A Year of Making
Home/ Unit 3/ Animal in Motion — Gestural Acrylic
Animal Theme

Animal in Motion — Gestural Acrylic

Unit 3 · Creature Studies — The Animal Kingdom · Week 13–14

Acrylic paint · Canvas board

After two highly detailed projects, this one demands the opposite: paint fast, loose, and bold within a strict time limit. Choose an animal mid-motion — a horse galloping, a bird in flight, a dog running — and paint it with energy and speed. No fine detail allowed. The goal is capturing the feeling of movement, not the facts of anatomy.

Before You Start — Gather

Canvas board (9×12"), acrylic paint set, large flat brush, medium round brush, palette or paper plate, water jar, paper towels, photo reference of an animal in motion, a kitchen timer. Set the timer for 45 minutes.

Study These Works
Franz Marc, Blue Horse I
Animals painted with bold color and emotional energy, not photographic accuracy
Click to expand
Franz Marc, The Tiger
Geometric, energetic, alive — the antithesis of careful rendering
Click to expand
George Stubbs, Whistlejacket
Compare: Stubbs' precision vs. Marc's gestural energy
Click to expand
Step-by-Step Instructions
  1. Set a strict 45-minute painting timer. Preparation — choosing reference, mixing paint puddles, laying out tools — happens before the timer. When the timer ends, you stop. No exceptions.

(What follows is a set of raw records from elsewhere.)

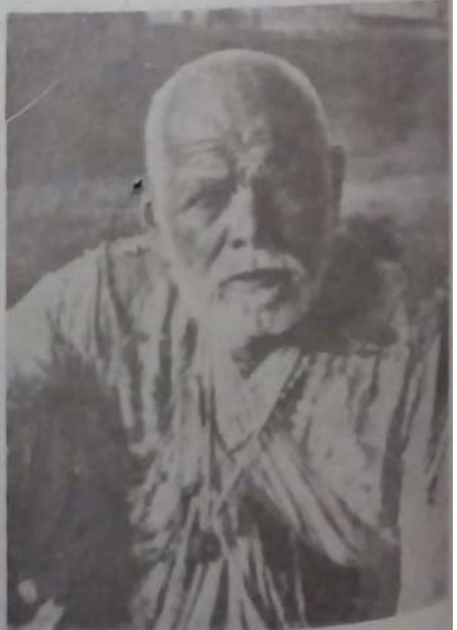
१९४२ साली त्यांच्या निधनाच्या वर्षी
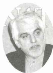
委員 朗子 井由 人 5.16 (金) 中森 61 司 会 通 出 席

「残酷なフセイン政権の崩壊は喜ばしいことだ」とマジエディ大使は繰り返し語った。「イラク戦争で得をしたのは米国、損をしたのは仏露」とも。「国連無視の先制攻撃は国際秩序を破壊し、アナ
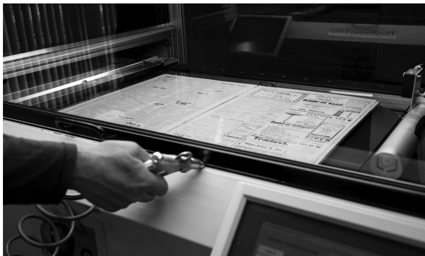
Tekst: Nasjonalbiblioteket er blitt «Norges riksmideiatek».

politisk-kulturelt minneparadigme», er en utvikling vi etter hvert tar for gitt. 10 De politiske implikasjonene og hvordan dette påvirker samfunnets infrastruktur – «infrapolitikken» – med et sentralt begrep hos Thulstrup, unnslipper i stor grad kritisk analyse. 11
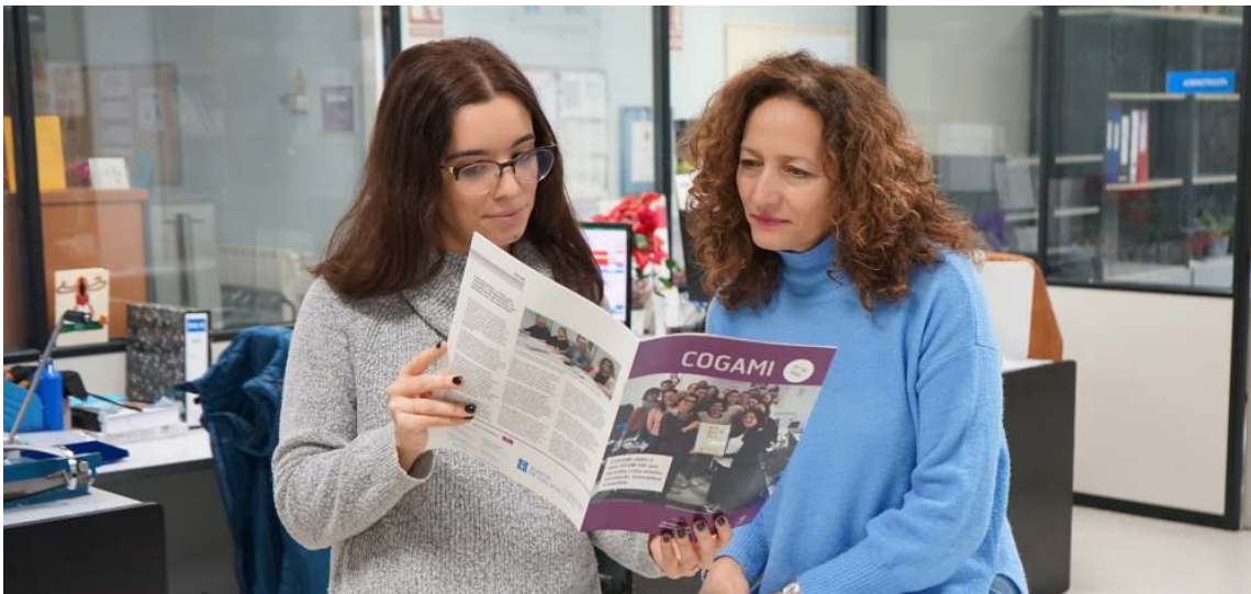
Profesionais da área de Emprego consultan as novidades de O Boletín de COGAMI

Puxemos en marcha a nova web de Alentae e a do proxecto europeo Artability+
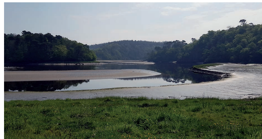
Rives de la Laïta

bois, landes et cultures. Si la "rivière aux vipères" est devenue un étang-vivier dans sa partie basse, elle a été gagnée à l'ouest par une végétation de prairies humides. L'œnanthe safranée, au redoutable poison, y côtoie la laïche paniculée dont les feuilles imprégnées de silice peuvent être très coupantes. Scirpes et joncs maritimes bordent de leurs nuances brunes et vertes la rive gauche de la Laïta.
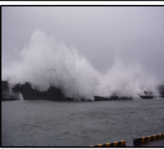
台風・低気圧災害に備えた漁港施設の耐浪化の推進
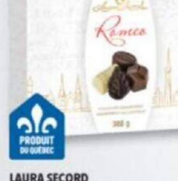
LAURA SECORD Romeo, Assortiment de chocolats Chocolates assortment, 388 g
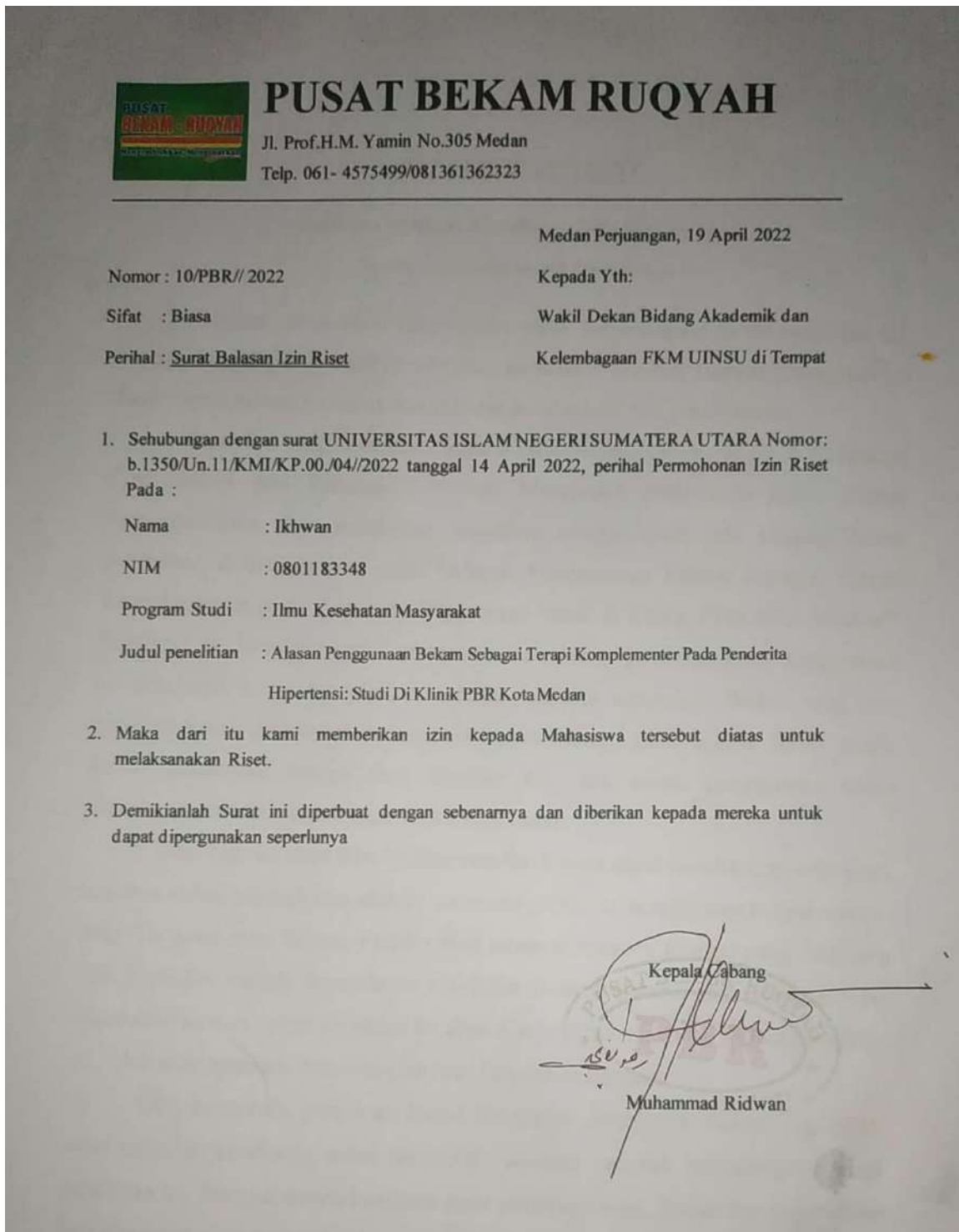
Lampiran 5.2 Surat Balasan Penelitian Klinik PBR Kota Medan
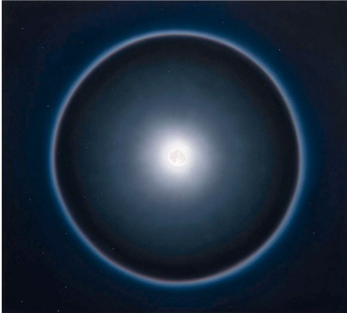
Halo Oil on canvas, 2019 90 x 100 cm
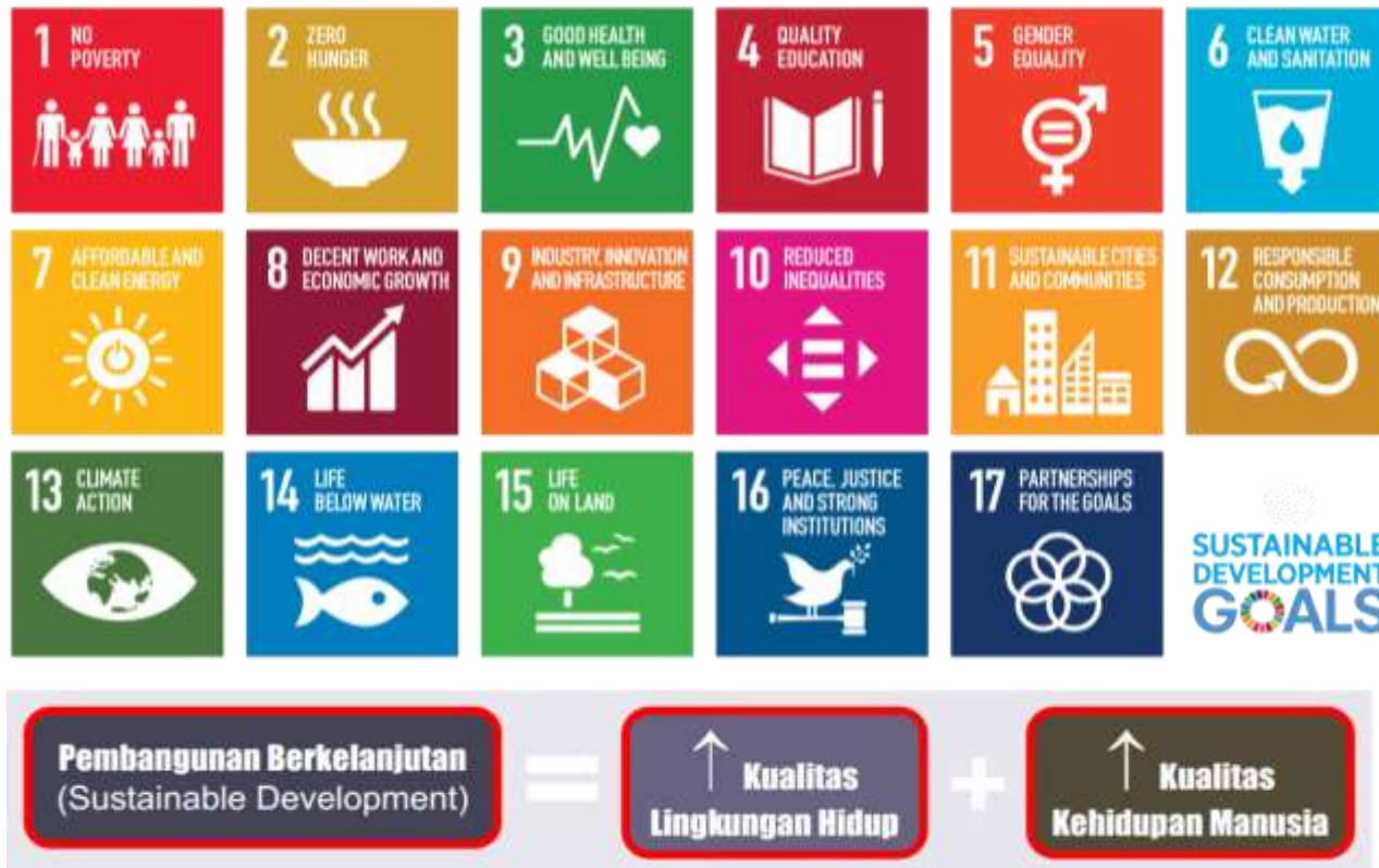
Gambar 1. Sustainable Development Goals (SDGs) Tahun 2030
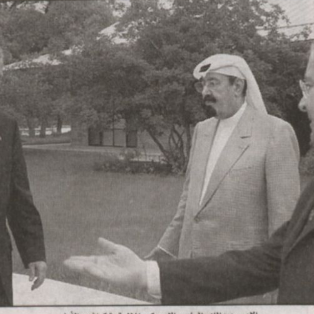
الأمير عبد الله والرئيس الأمريكي جورج دبليو بوش

وأضاف وولكر في حديث لـ «الرياض»، انه لو اعتمدت العلاقات الثنائية بين المملكة العربية السعودية - الأمريكية في (كراهورد) بولاية تكساس.
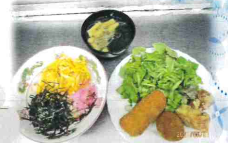
ちらし寿司とボリュームミーなおかず!

て、今年も中止。せめて「おめでたい気持ちだけでも」と、お祝い御膳を準備しました。食後の余暇活動では、プラ板で自分だけのキーホルダーを作ったり、人生ゲーム(懐かしい!)
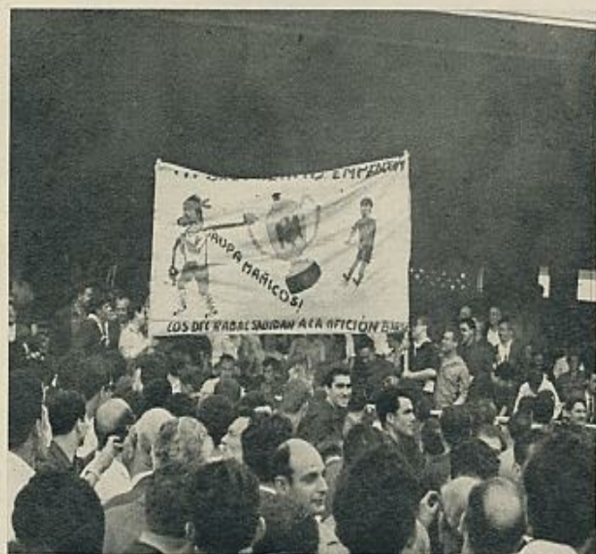
La trayectoria del Zaragoza a lo largo del torneo le auguraba amplias esperanzas. En el campo, una buena cantidad de hinchas le prestaron su apoyo moral.
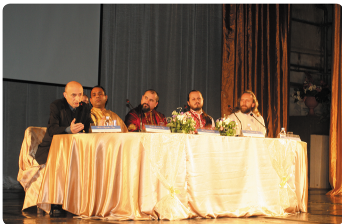
Круглый стол «Новая Ведическая Русь»
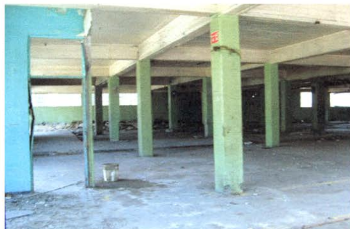
EDIFICIO DE MAQUINARIA
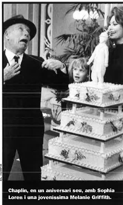
Chaplin, en un aniversari seu, amb Sophia Loren i una joveníssima Melanie Griffith.

Fugint del conservadorisme. Després de la Segona Guerra Mundial, Charles Chaplin és un personatge res-
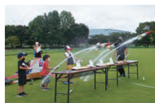
はらっパーク宮代 ペットボトルロケット教室

モニタリングの結果、全ての施設において適正な管理・運営が確認できました。各施設の評価・改善事項等の詳細は町ホームページをご覧ください。

  2. Block in a background color first with a large flat brush. Don't leave it white — a warm gray, muted blue-gray, or earthy brown gives the painting a mood from the very first stroke.

  3. Sketch the animal's silhouette loosely in dark paint using a medium round brush. Get the movement and lean of the body right first — the direction of force before any detail.

  4. Add the dominant body color in broad, fast strokes, following the direction the animal's form is moving. Use your largest brush. Speed genuinely serves this project.

  5. Add only a few essential accents: one lighter highlight on the back, a darker shadow under the belly, the barest suggestion of a head and eye. Stop before you feel ready to stop.

  6. When the timer goes off, step back five feet. Ask: does this painting feel like it's moving? That question matters more than any detail you could add.

Instructor Tip

If the finished painting feels unfinished and a little uncomfortable, you have probably done it correctly. Knowing when to stop is harder than knowing when to keep going. Resist every instinct to tighten and detail what you've made — the looseness is the point.